Link phases may also be chained together (or put after other phases
if those phases produce bucket/key lists). For example, we could
follow the links all the way from hb/first
to hb/fourth
with:
$ curl -X POST -H "content-type:application/json" \ http://localhost:8098/mapred --data @- {"inputs":[["hb","first"]],"query":[{"link":{}},{"link":{}},{"map":{"language":"javascript","source":"function(v) { return [v]; }"}}]} ^D
(Notice the added link phase.) If you run that, you'll find that
you get two copies of the hb/fourth
object in the
response. This is because we didn't bother uniquifying the results of
the link extraction, and both hb/second
and hb/third
link to hb/fourth
. A reduce
phase is fairly easy to add:
$ curl -X POST -H "content-type:application/json" \ http://localhost:8098/mapred --data @- {"inputs":[["hb","first"]],"query":[{"link":{}},{"link":{}},{"reduce":{"language":"erlang","module":"riak_mapreduce","function":"reduce_set_union"}},{"map":{"language":"javascript","source":"function(v) { return [v]; }"}}]} ^D
The resource handling the URL link-walking format does just this:
$ curl http://localhost:8098/riak/hb/first/_,_,_/_,_,_
That should get you just one copy of the hb/fourth
object.
So why choose either map/reduce or URL-syntax? The advantage of URL syntax is that if you're starting from just one object, and just want to get the objects at the ends of the links, and you can handle multipart/mixed encoding, then URL syntax is much simpler and more compact. Map/reduce with link phases should be your choice if you want to start from multiple objects at once, or you want to get some processed or aggregated form of the objects, or you want the result to be JSON-encoded.

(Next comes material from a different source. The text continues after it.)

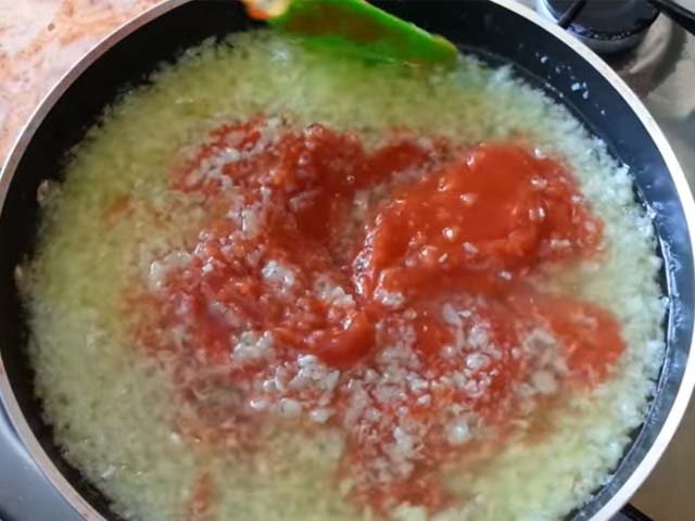 6. Тем временем лук дошел до нужной кондиции и пора к нему влить томатный соус.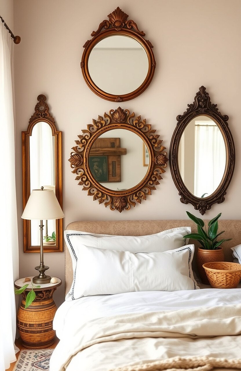 Mirrors open up a space and add light. Choose ones with ornate or rustic frames for a boho touch.

Riak version 0.8 note: In Riak 0.8, the format of the result of 'link' map/reduce phases was not able to be transformed into JSON. This meant both that it was not possible to put a Javascript reduce phase right after a link phase, and also that it was not possible to end an HTTP map/reduce query with a link phase. Those issues have been resolved in the tip of the source repository, and will be part of the 0.9 release.